Took Susie's recipe at heygrillhey - switched the jalapeño with habanero - tripled it up and dusted it with pepper - since I like a peppered jerky.

Turned out amazing.  

Smoker: RecTeq Bull - 180 degrees for about 2 hours
Cut: Eye Round, butcher sliced at 1/8"
Recipe Credit: heygrillhey.com


----------



## sandyut (Mar 21, 2021)

mmm i love jerky and that looks so good!


----------



## crazymoon (Mar 21, 2021)

FBBQ, Awesome looking jerky!


----------



## Winterrider (Mar 21, 2021)

Yes sir, nice looking batch.


----------



## Jersey Jimbo (Dec 11, 2021)

I like how you changed up the Jalapeno's for the Habanero's  I like that recipe will try with those should add a nice amount of heat.


----------



## chopsaw (Dec 11, 2021)

I agree with CM . Looks fantastic .


----------



## JLeonard (Dec 11, 2021)

Oh man, I could eat my body weight in jerky.

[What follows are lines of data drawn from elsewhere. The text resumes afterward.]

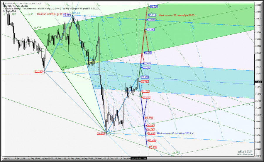 Дальнейшее развитие движения Spot Silver-h4 c 12 октября 2023 г. станет проистекать в границах канала 1/2 Median Line (21.570 - 21.980 - 22.350) вил старшего операционного масштаба Minute-h4 и зоны равновесия (21.730 - 22.100 - 22.450) вил младшего операционного масштаба Minuette-h1 в соответствии с отработкой и направлением пробоя диапазона:
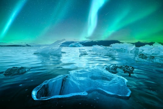 氷山が浮かぶ幻想的な湖。冬限定で楽しめる、夜空を彩るオーロラとのコラボレーションには思わずうっとり。
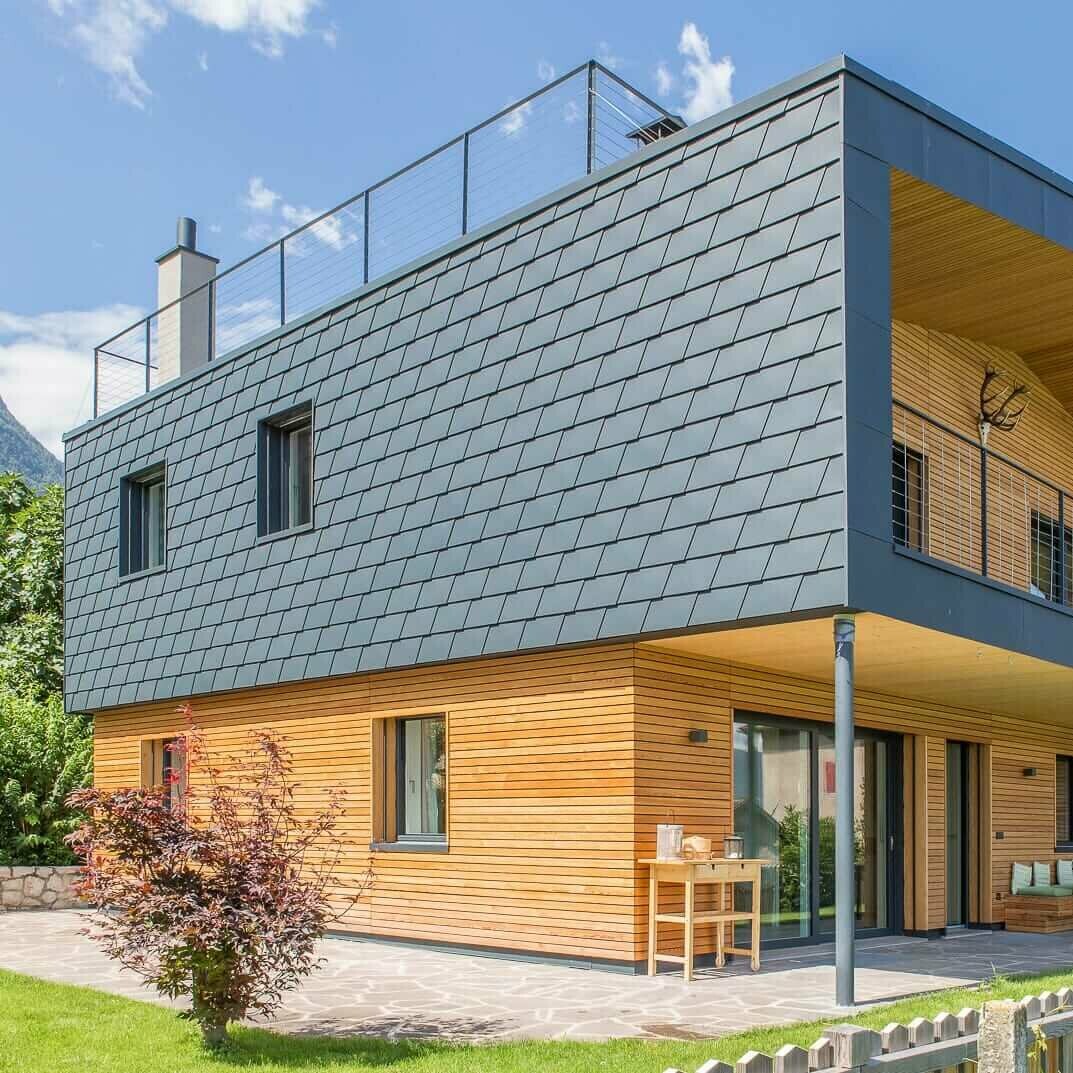 Maloformátové fasádní šindele jsou oblíbenou klasikou v oblasti vzhledu fasád. Díky tomu, že se jedná o poddajný produkt, lze s ním realizovat jak malé a členité, tak i zaoblené fasády – samozřejmě vždy v dokonalé technické kvalitě. Ale také opticky poskytují maloformátové fasádní šindele PREFA díky skrytému upevnění krásný obraz, který vyhoví nejpřísnějším nárokům.
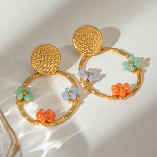 ステンレス304 低ニッケル 水に濡れても錆びにくい 18Kゴールドメッキ ピアス フープ フラワー 花 ビーズ 【YJ03115】

And I'm a big boy. 
Jim


----------



## JCAP (Dec 11, 2021)

Love some good jerky. And heygrillhey is a great place. Nice job.


----------



## bauchjw (Dec 11, 2021)

Man those look tasty! Really nice work! I personally am a bit of a wuss when it comes to Habaneros, but as I get older Ive noticed I can eat more on the higher end of the Scoville!


----------